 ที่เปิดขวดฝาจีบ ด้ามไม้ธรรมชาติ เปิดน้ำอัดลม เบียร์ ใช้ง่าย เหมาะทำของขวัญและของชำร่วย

...

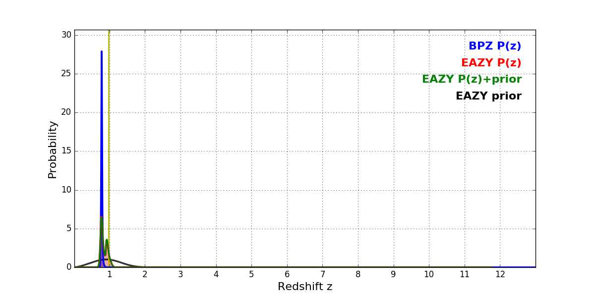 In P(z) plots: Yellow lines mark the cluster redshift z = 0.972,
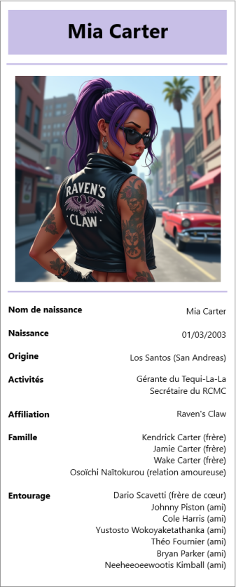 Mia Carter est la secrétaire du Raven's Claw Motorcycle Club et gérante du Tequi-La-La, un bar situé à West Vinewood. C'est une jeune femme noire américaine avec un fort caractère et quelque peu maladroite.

**Task to carry out:**
From the records above, copy exactly the lines starting at the one with "In P(z) plots: Yellow" and ending at the one with "Mia Carter est", and no others. Pictures stay out.

**Answer box:**
 In P(z) plots: Yellow lines mark the cluster redshift z = 0.972,
 Mia Carter est la secrétaire du Raven's Claw Motorcycle Club et gérante du Tequi-La-La, un bar situé à West Vinewood. C'est une jeune femme noire américaine avec un fort caractère et quelque peu maladroite.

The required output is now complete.